__Provided data__:
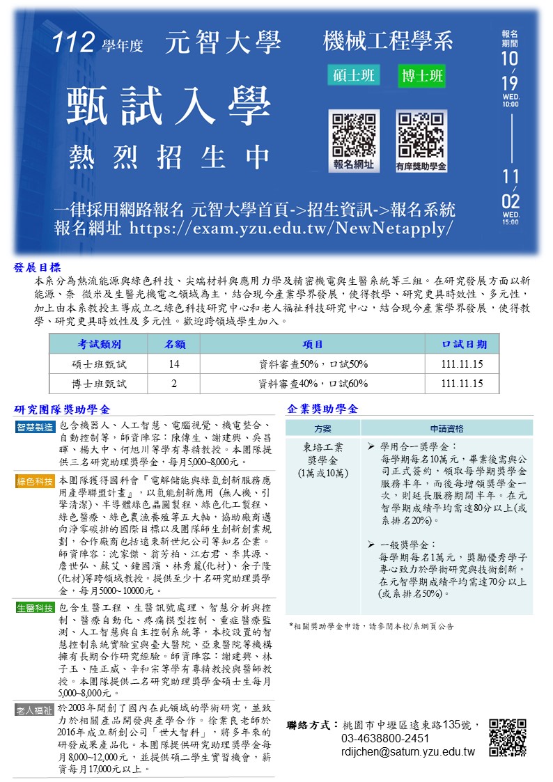 Yuan Ze University - Department of Mechanical Engineering
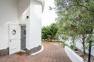 Das Haus wurde in den 80er Jahren erbaut und bietet Platz für bis zu sechs Personen. Der Wohnraum mit offener Küche und gemauertem Sofa hat eine abgerundete Form und erinnert an die Costa Smeralda. Das maritime Interieur sorgt für eine entspannte Atmosphäre. Das große Master-Schlafzimmer verfügt über ein Doppelbett, einen Wandschrank, ein eigenes Badezimmer und direkten Zugang zum Garten mit Meerblick. Das zweite Schlafzimmer hat ein französisches Doppelbett, aber keinen Schrank. Das dritte Schlafzimmer ist schmal und hat zwei Einzelbetten sowie einen Wandschrank. Auch von diesem Zimmer aus gelangt man direkt in den Garten. Ein zweites Badezimmer mit Dusche befindet sich im Flur.
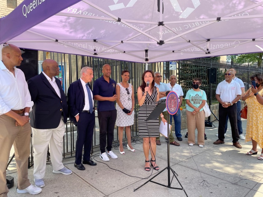 Councilmember Linda Lee and New York City Council Speaker Adrienne Adams held a press conference at the branch Tuesday to announce the funding.
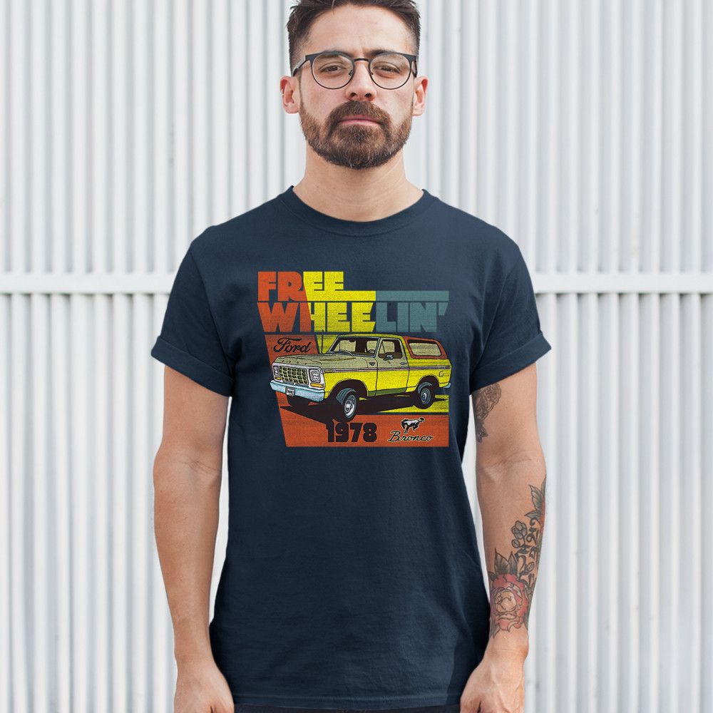 FORD BRONCO 1978 t-shirt free wheelin' offroad truck suv licensed men's tee navy blue
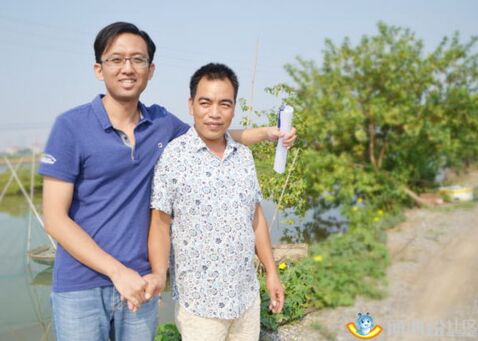 养殖能手验收专家、通威股份水产技术总监张璐博士(左一)和梁建成老板

__Problem description__:
What you print must match the entries exactly, except that no pictures appear.

__Answer section__:
 Yuan Ze University - Department of Mechanical Engineering
 Das Haus wurde in den 80er Jahren erbaut und bietet Platz für bis zu sechs Personen. Der Wohnraum mit offener Küche und gemauertem Sofa hat eine abgerundete Form und erinnert an die Costa Smeralda. Das maritime Interieur sorgt für eine entspannte Atmosphäre. Das große Master-Schlafzimmer verfügt über ein Doppelbett, einen Wandschrank, ein eigenes Badezimmer und direkten Zugang zum Garten mit Meerblick. Das zweite Schlafzimmer hat ein französisches Doppelbett, aber keinen Schrank. Das dritte Schlafzimmer ist schmal und hat zwei Einzelbetten sowie einen Wandschrank. Auch von diesem Zimmer aus gelangt man direkt in den Garten. Ein zweites Badezimmer mit Dusche befindet sich im Flur.
 Councilmember Linda Lee and New York City Council Speaker Adrienne Adams held a press conference at the branch Tuesday to announce the funding.
 FORD BRONCO 1978 t-shirt free wheelin' offroad truck suv licensed men's tee navy blue
 养殖能手验收专家、通威股份水产技术总监张璐博士(左一)和梁建成老板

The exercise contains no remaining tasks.